[Opening Raw data section]
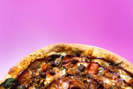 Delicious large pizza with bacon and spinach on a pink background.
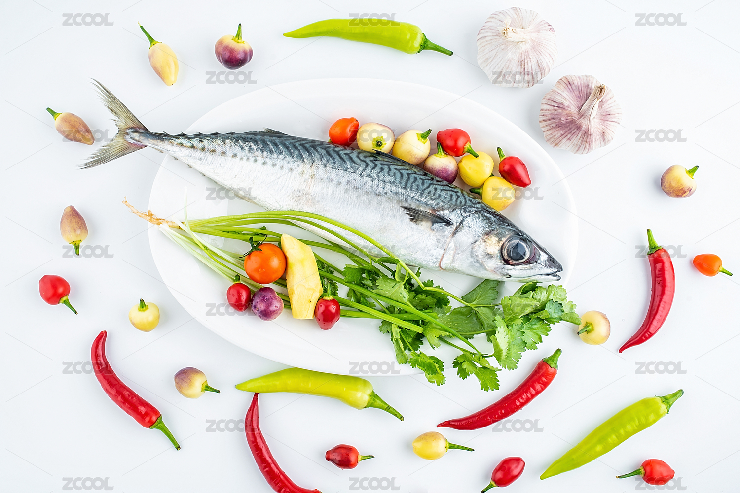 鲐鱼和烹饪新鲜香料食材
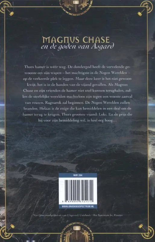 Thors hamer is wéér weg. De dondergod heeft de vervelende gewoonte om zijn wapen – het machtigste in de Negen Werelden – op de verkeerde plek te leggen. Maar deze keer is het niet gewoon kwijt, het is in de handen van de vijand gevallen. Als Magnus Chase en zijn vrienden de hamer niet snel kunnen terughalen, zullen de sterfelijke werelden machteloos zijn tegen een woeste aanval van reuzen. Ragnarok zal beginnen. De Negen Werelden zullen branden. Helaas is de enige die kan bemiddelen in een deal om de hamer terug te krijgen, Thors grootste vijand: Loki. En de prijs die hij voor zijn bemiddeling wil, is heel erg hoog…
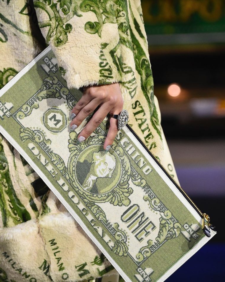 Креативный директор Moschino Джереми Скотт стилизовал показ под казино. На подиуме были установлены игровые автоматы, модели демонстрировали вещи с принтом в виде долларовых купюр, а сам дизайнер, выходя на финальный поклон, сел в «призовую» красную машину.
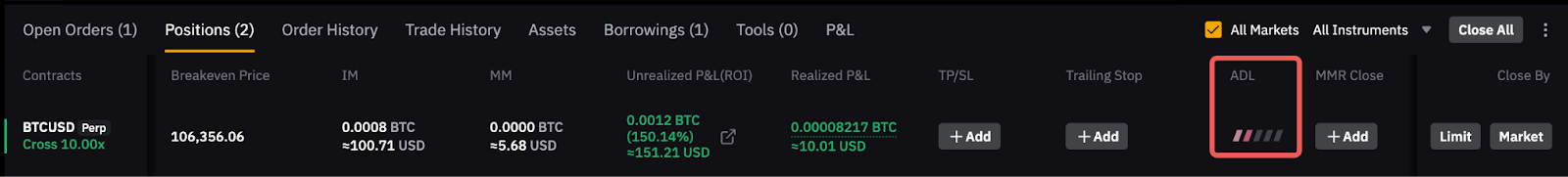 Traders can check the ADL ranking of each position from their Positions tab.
[Closing Raw data section]
[Problem to work on]:
Make an exact copy of the records shown above, without the pictures.

[Answer for this exercise]:
 Delicious large pizza with bacon and spinach on a pink background.
 鲐鱼和烹饪新鲜香料食材
 Thors hamer is wéér weg. De dondergod heeft de vervelende gewoonte om zijn wapen – het machtigste in de Negen Werelden – op de verkeerde plek te leggen. Maar deze keer is het niet gewoon kwijt, het is in de handen van de vijand gevallen. Als Magnus Chase en zijn vrienden de hamer niet snel kunnen terughalen, zullen de sterfelijke werelden machteloos zijn tegen een woeste aanval van reuzen. Ragnarok zal beginnen. De Negen Werelden zullen branden. Helaas is de enige die kan bemiddelen in een deal om de hamer terug te krijgen, Thors grootste vijand: Loki. En de prijs die hij voor zijn bemiddeling wil, is heel erg hoog…
 Креативный директор Moschino Джереми Скотт стилизовал показ под казино. На подиуме были установлены игровые автоматы, модели демонстрировали вещи с принтом в виде долларовых купюр, а сам дизайнер, выходя на финальный поклон, сел в «призовую» красную машину.
 Traders can check the ADL ranking of each position from their Positions tab.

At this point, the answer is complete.